Only recently the structure was described explicitly. In [12], [13], [24] and [25] the structure was visualized in the 64-dimensional space of non-overlapping triplet distributions for several genomes. Also the same dataset was visualized in [14] and [11] using non-linear principal manifolds. In [19] several particular cases of this structure were observed in the context of the Z-curve methodology in the 9-dimensional space of Z-coordinates: it was claimed that the structure has interesting flower-like pattern but can be observed only for GC-rich genomes. This is somehow in contradiction with the results of [24], published before, where the same flower-like picture was demonstrated for AT-rich genome of Helicobacter pylori. This fact shows that this simple and basic structure is far from being completely understood and described.
The problem can be stated in the following way: there is a set of genomic fragments of length 100-1000 bp representing a genome almost uniformly. There are various ways to produce this set, for example, by sliding window with a given step of sliding (in this case sequence assembly is not generally needed), or it might be a full set of ORFs (in this case one needs to know the assembled sequence). We construct a distribution of points in a multidimensional space of statistics calculated on the fragments and study the cluster structure of this distribution. The following questions arise: What is the number of clusters? What is the character of their mutual locations? Is there a “thin structure” in the clusters?

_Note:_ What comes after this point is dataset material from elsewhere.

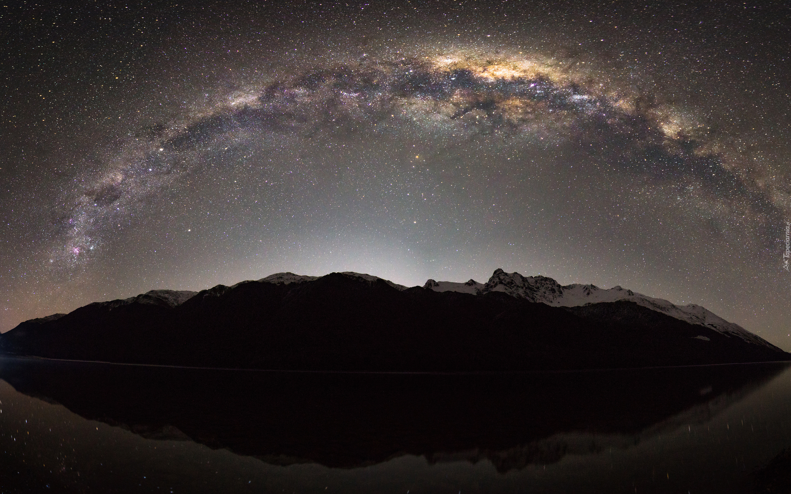 Edytor tapety: Gwieździste niebo odbijające się w wodzie

How the structure depends on the properties of genomic sequence, can we predict it? Every fragment can be characterized by a “frequency dictionary” of short words (see examples in [8], [9], [10], [15]). For our purposes we use frequencies of non-overlapping triplets, counted from the first basepair of a fragment. Thus every fragment is a point in 64-dimensional space of triplet frequencies. This choice is not unique, moreover, we use dimension reduction techniques to simplify this description and take the essential features. The cluster structure we are going to describe is universal in the sense that it is observed in any bacterial genome and with any type of statistics which takes into account coding phaseshifts. The structure is basic in the sense that it is revealed in the analysis in the first place, serving as the principal source of sequence non-randomness. In [12], [13], [19], [24] it was shown that even simple clustering methods like K-Means or Fuzzy K-Means give good results in application of the structure to gene-finding.
Discussion
In this paper we prove the universal 7-cluster structure in triplet distributions of bacterial genomes. Some hints at this structure appeared long time ago, but only recently it was explicitly demonstrated and studied. The 7-cluster structure is the main source of sequence heterogeneity (non-randomness) in the bacterial genomes. In this sense, our 7 clusters is the basic model of bacterial genome sequence. We demonstrated that there are four basic “pure” types of this model, observed in nature: “parallel triangles”, “perpendicular triangles”, degenerated case and the flower-like type (see Fig.4). To explain the properties and types of the structure, which occur in natural bacterial genomic sequences, we studied 143 bacterial genomes available in Genbank in August, 2004. We showed that, surprisingly, the codon usage of the genomes can be very closely approximated by a multi-linear function of their genomic G+C-content (more precisely, by two similar functions, one for eubacterial genomes and the other one for archaea).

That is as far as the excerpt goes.